The program uses a Naive Bayes learning algorithm by Weka. Using supervised training, the SpamAssassin will learn which messages are spam and which ones are not. The algorithm would analyze these messages word by word, weighing each of them with a probability value. The value would later be used to determine whether the analyzed message is a spam.
The data set for training is stored in data/ with arff format. Currently, only one training set is included in the folder – and it is for Indonesian spam messages. However, the Spam Assassin could classify messages from other languages too, given the appropriate training set. The data set should be in arff format with the same attributes as data/sms.arff.
There are two attributes in the arff file, verdict and content. Verdict contains information whether the content is PositiveSpam or NegativeSpam. While the content is the message to be evaluated. In training phase, the Spam Assassin would learn through these two attributes. Individual values will be assigned to each words in the contents; each corresponding to its verdict.
In evaluation phase, the Spam Assassin would use the previously-gained information in training phase. It would then give its own verdict towards the processed message.
Clone the bin folder, and then run RunWekaSpamAssassin.bat. It should open a new terminal window with a shell interface. Type 'h' or 'help' for further instructions. Further explanation about the program and its commands could be found in doc/Bagian_B.pdf.
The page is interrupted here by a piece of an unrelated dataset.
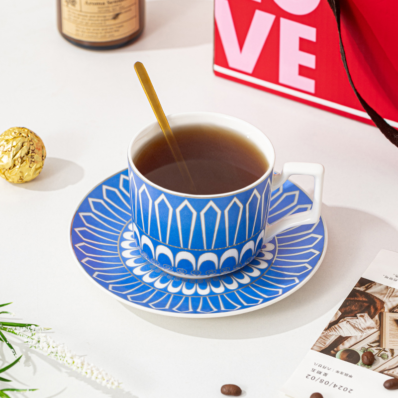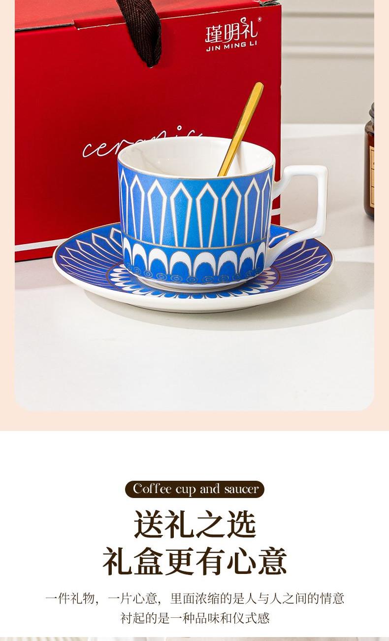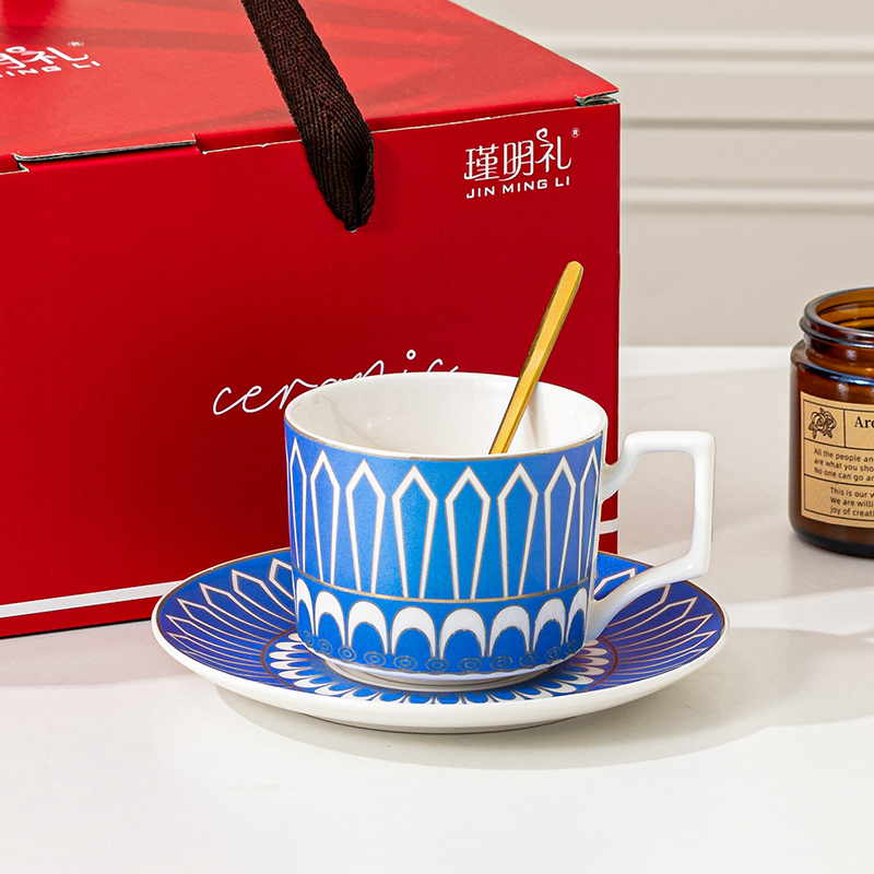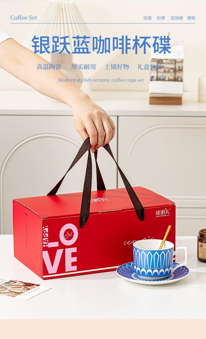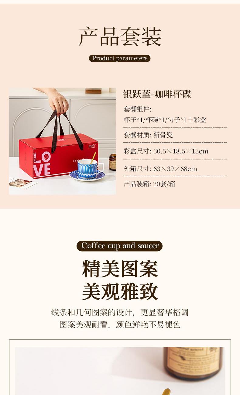 瑾明礼-银跃蓝-咖啡杯碟-1杯1碟1勺 - 产品组成:整套=1杯1碟1勺+彩盒 产品材质:新骨瓷 产品规格:咖啡杯=口径8.5cm,高度6.8cm,容量240ml;碟=直径15cm,高2cm;金勺=长度13cm; 彩盒尺寸:30.5*18.5*13cm 产品毛重:0.8kg 整箱毛重:18kg 外箱尺寸:63*39*68cm - 线条和几何形状的设计往往带有一种抽象艺术的风格,能够满足消费者对于时尚和艺术的追求。这种设计不仅适合现代家居环境,还能成为时尚人士展示个性的单品。

A pre-existing model called zero is saved in model/. It has been trained with data set data/sms.arff, which is in Indonesian. For a quick start, do the following:
- Clone the repo
- Run RunWekaSpamAssassin.bat
- Type initialize zero
- Type evaluate followed with an Indonesian message.
- help – show details about available commands.
- initialize – specify which model to use. A warning will be shown if the specified model does not exist.
- train – select which data set to use for training and start training process. The model would be saved for future uses.
- evaluate – determine the category of the message that follows the keyword.
- quit – self explanatory.